# Quickstart

Here, we'll go through a very basic example of reconstructing, preprocessing, and visualizing 4D faces from video data using Medusa's Python API. For more information about its command-line interface, check the CLI [documentation](../api/cli)!

We'll use a short video to reconstruct, shown below:

In [None]:
import os  # need 'egl' for 'headless' rendering!
os.environ['PYOPENGL_PLATFORM'] = 'egl'
from IPython.display import Video

from medusa.data import get_example_video
vid = get_example_video()

# Show in notebook
Video(vid, embed=True)  

## Reconstruction

For this example, we'll use the [Mediapipe Face Mesh](https://google.github.io/mediapipe/solutions/face_mesh.html) model to reconstruct the face in the video in 4D, that is, a 3D reconstruction for each frame of the video. We are going to use the high-level `videorecon` function from Medusa, which reconstructs the video frame by frame and returns a ``MediapipeData`` object, which contains all reconstruction (meta)data.

In [None]:
from medusa.recon import videorecon
data = videorecon(vid, recon_model='mediapipe', loglevel='WARNING')
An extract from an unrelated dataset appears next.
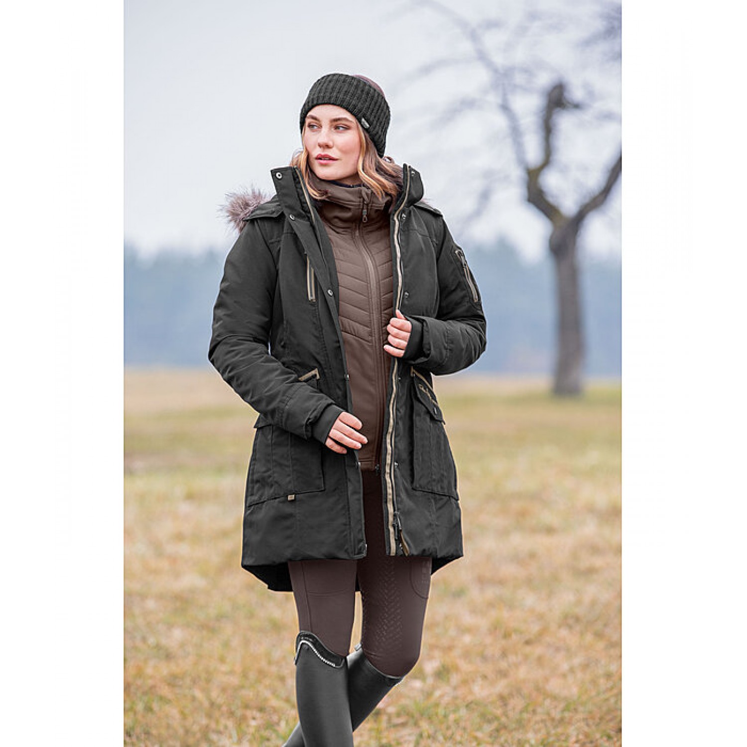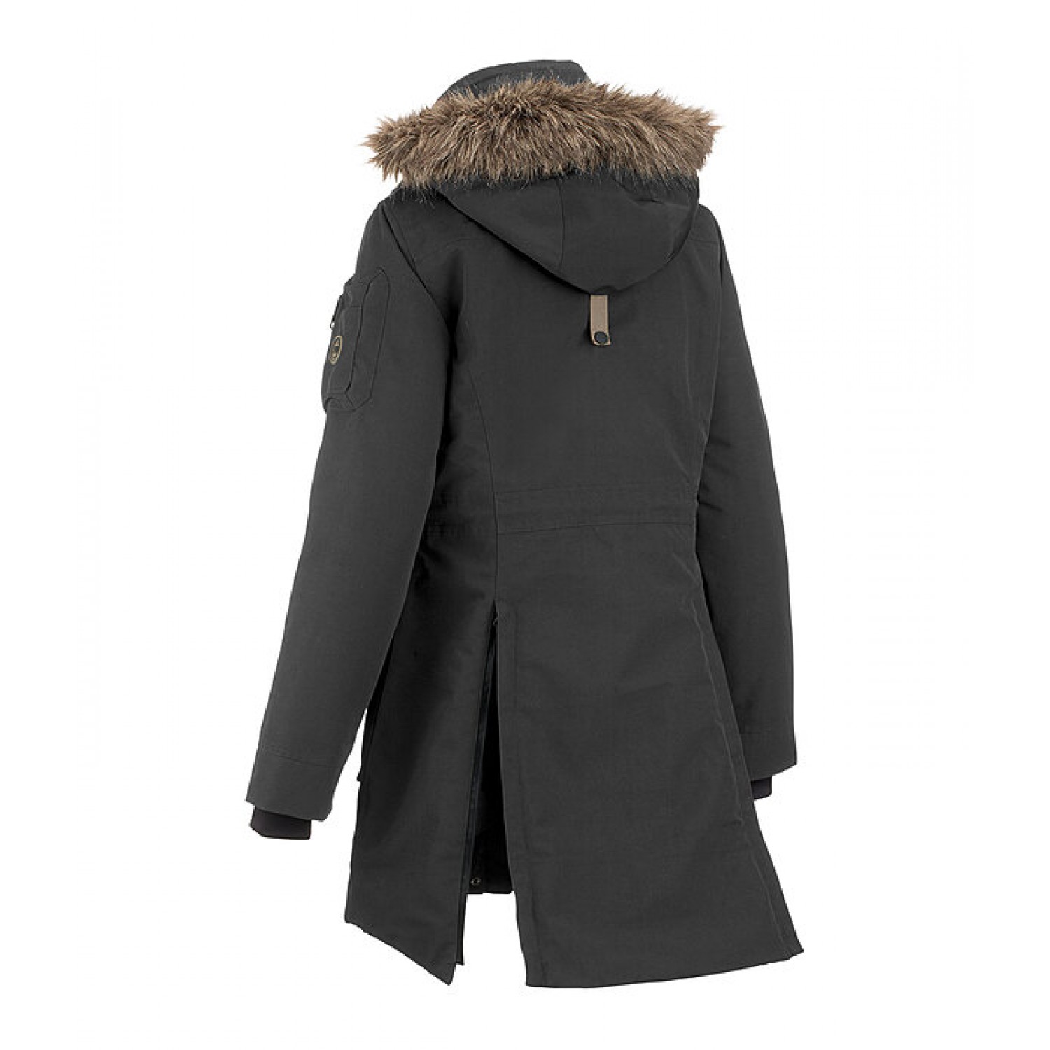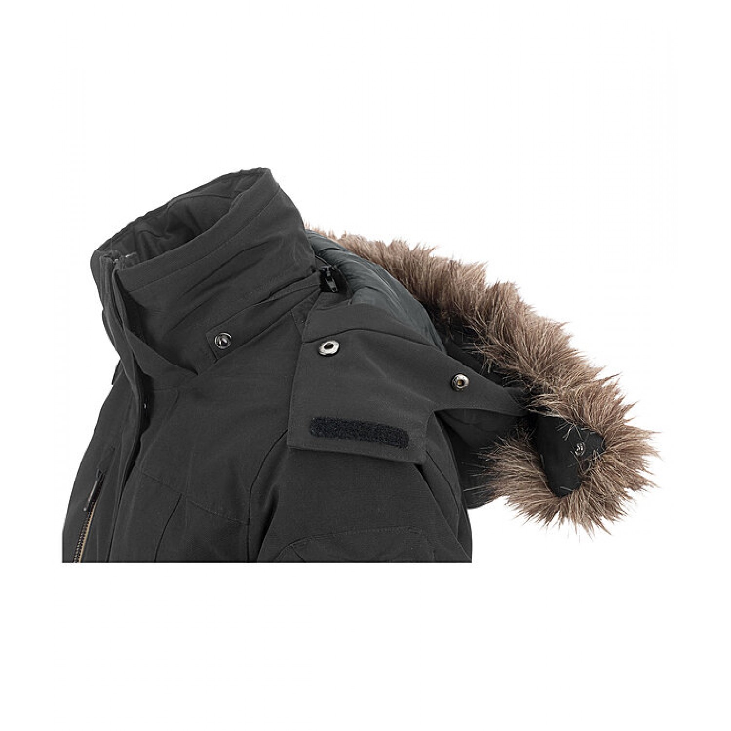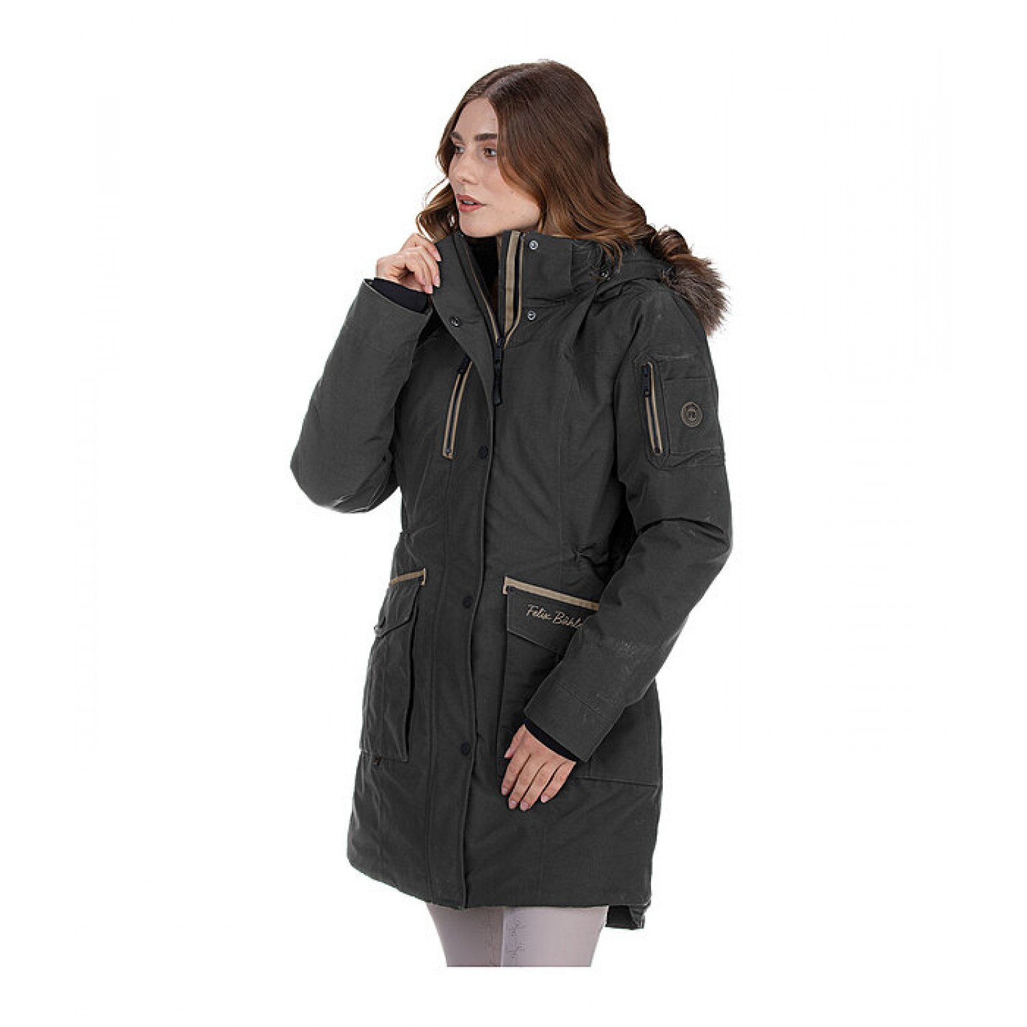Очень тёплая, прочная и водонепроницаемая парка с регулируемым отстёгивающимся капюшоном и отстёгивающимся на молнии воротником из искусственного меха, который застёгивается сзади. Водонепроницаемая, ветрозащитная, дышащая. Теплый стёганый наполнитель из мягкого искусственного пуха. Два вместительных кармана с клапанами, включая боковые, один нагрудный карман на молнии, один карман на рукаве на молнии, один внутренний карман на молнии, потайная двусторонняя молния спереди, два вентиляционных отверстия для верховой езды на подкладке с молниями сзади, регулируемая талия и эластичные манжеты. Эмблема и вышивка Felix Bühler. 100% полиэстер.

Great! Now let's inspect the ``data`` variable. The reconstructed vertices are stored in the attribute `v`, a numpy array of shape $T$ (time points) $\times\ V$ (vertices) $\times\ 3$ (X, Y, Z).

In [None]:
print("`v` is of type: ", type(data.v))
print("`v` has shape: ", data.v.shape)

The the data contained in `v` represents, for each time point, the 3D coordinates of the vertices (also called "landmarks") that describe the shape of the face. The particular mesh used by Mediapipe contains 468 vertices, but other reconstruction models may contain many more vertices (like [FLAME](https://flame.is.tue.mpg.de), which contains 5023 vertices)!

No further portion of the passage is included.